Remote Services HA Using Pacemaker

Introduction

The Abiquo API can be set up in a load balanced distributed configuration so it can handle heavy network traffic and offer resilience if a node goes down, thus avoiding downtime. However, if the remote services are still running on a single machine, then if that machine crashes, it can bring down the operations for a given datacenter.

To avoid this situation, this document will describe a scenario to set up 2 remote service servers in an active-passive configuration, so in case of a crash of the main server, downtime is avoided. Note that as this is an active-passive setup, no load balancing is done, it just provides a safety net to avoid downtime in case of a system crash.

Sample Configuration and Essential Guidelines

This document contains a sample configuration but as the sysadmin, it is your responsibility to choose your own HA software. However, you must follow these guidelines:
- Active / Passive
- Floating IP (which is assigned to the Active node and is the IP configured in Abiquo DC)
- Same Redis / Rabbit and abiquo.properties configuration for each RS node in the cluster

 

Scenario

We are going to describe this setup assuming the scenario described below. Note that you will need to adjust the rest of the commands in this document to suit your environment (mostly host names and IPs).

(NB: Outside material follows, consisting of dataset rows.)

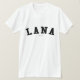 Lana ! Votre nom est-il Lana ? Ou avez-vous une épouse, une amie, un membre de la famille féminin ou un ami féminin appelés Lana ? Si oui, cette chemise de "bannière" est exactement le cadeau que vous recherchez ! Les caractéristiques de conception "Lana" dans le lettrage noir arqué à travers le coffre dans la police classique d'université.
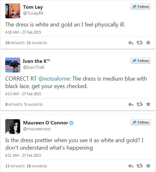 Публикации о странном платье появились у изданий Wired, BuzzFeed и Mashable. Хэштег #TheDress вышел в топы Twitter, а пользователи никак не могли сойтись в едином мнении. Свое мнение высказали Тейлор Свифт, Ким Кардашьян и Канье Уэст, а ученые объяснили природу иллюзии: различное цветовое восприятие возникало из-за индивидуальных особенностей зрения.
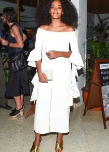 For an evening exit, mules are an elegant and very original option. You can combine them in an evening look with a dress, provided that the model has the appropriate heel. The length of the dress should be midi, and the fabric of which it is made flowing. A great option would be an evening jumpsuit made of silk fabric.
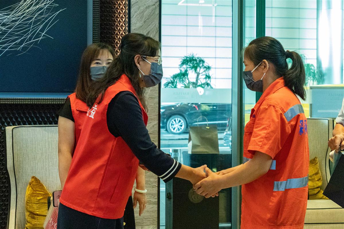 疫情当前,环卫工人逆行而上、冲锋在前,日夜奋战在大街小巷,清扫街道、清运垃圾,确保垃圾日产日清。值此中秋佳节来临之际,为感谢环卫工人对城市防疫工作的辛勤付出,9月8日,美丽深圳公益基金会携手深圳鹏瑞莱佛士酒店、深圳鹏瑞公益基金会,以爱心颂月礼盒,共迎佳节中秋,向100名南山区环卫工人代表送上衷心的佳节问候。
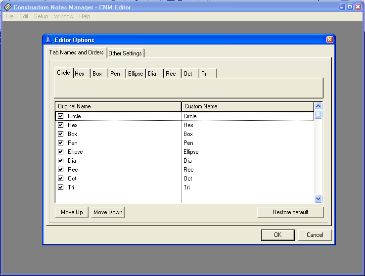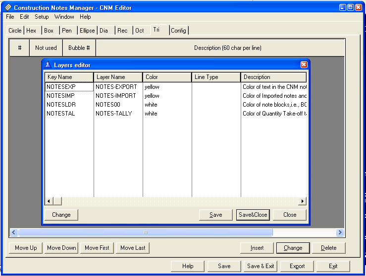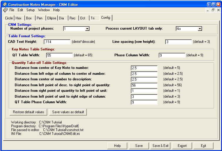 The CNM editor has several different options in order to better customize your construction notes. By clicking on the Config tab you can see the various settings that help control the way the notes are setup and the way they come into your drawings. |
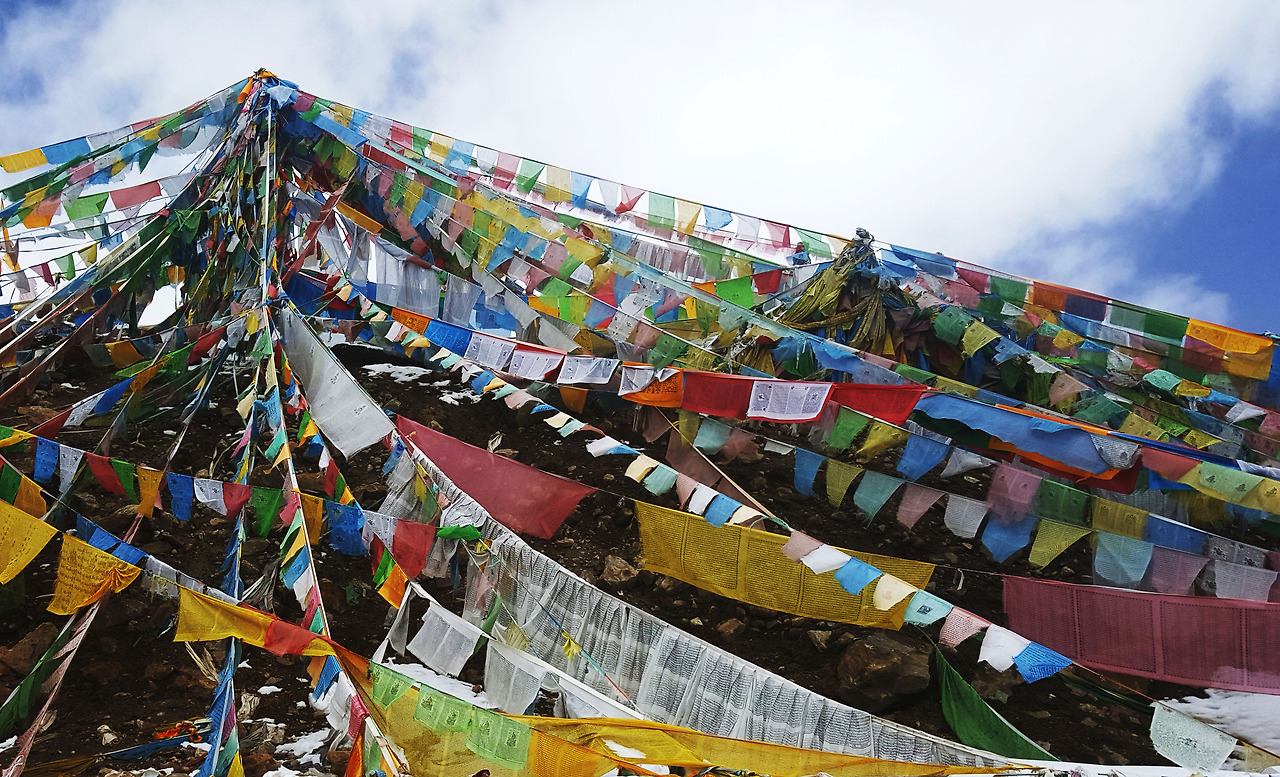 인가가 있는 마을을 빠져나오자 해발고도가 점점 높아지면서 서늘한 기운이 스며든다. 써지라산色季拉山 고개이다. 알록달록 천에 적혀있는 불경이 바람에 날아가 세상에 전해지도록, 산을 덮은 다르쵸를 보니 반갑다. 어제는 미라산커우에서 보고, 오늘은 써지라산 고개에서 만난다. 동부 티베트(쓰촨)에서는 흔했던 다르쵸가 시짱 티베트에서는 생각보다 귀하다.
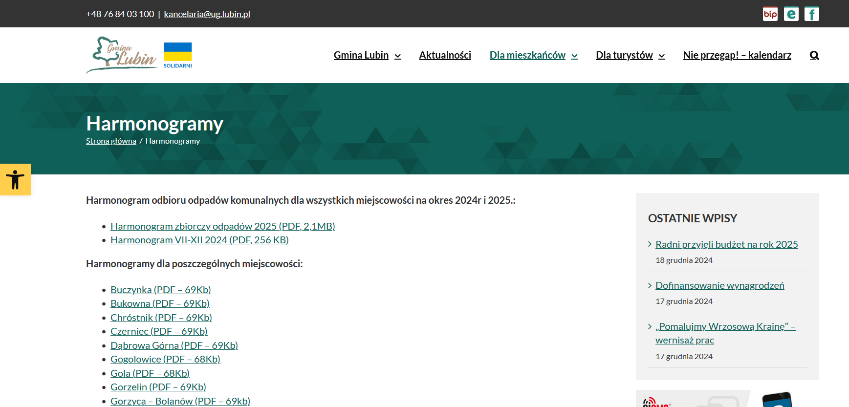 Jak co roku, w zakładce „Dla mieszkańców – odpady – harmonogramy” opublikowane zostały planowane daty odbiory odpadów komunalnych w roku 2025. Dla ułatwienia przygotowano zarówno zbiorczy harmonogram, jak i pojedyncze terminarze dedykowane mieszkańcom poszczególnych sołectw. Tradycyjnie harmonogramy będą wydrukowane także w styczniowym wydaniu Wiadomości Gminnych.
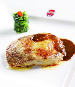 用小火微煎鵝肝,只將鵝肝翻一次面,這樣充分保證了肉質的鮮嫩和營養價值,再配上特制的巧克力紅酒汁,齒頰留香。

MachineHost nameIP Address
Abiquo APIabiquo10.60.13.28
Remote services 1rsha110.60.13.57
Remote services 2rsha210.60.13.56
Cluster IPrscluster10.60.13.58
Redis serverredis10.60.13.59
NFS repositoryrepository10.60.1.72

Remote services 1 and 2 will be the nodes forming our cluster, and serving the remote services webapps on the cluster-wide IP address. This IP will switch from one server to another in the case of a failure. Redis needs to be on a separate host, as the data must be shared for both remote services machines. It is out of the scope of this document to describe a highly available setup for Redis. If you want to run Redis in such a setup, please refer to to Redis's documentation.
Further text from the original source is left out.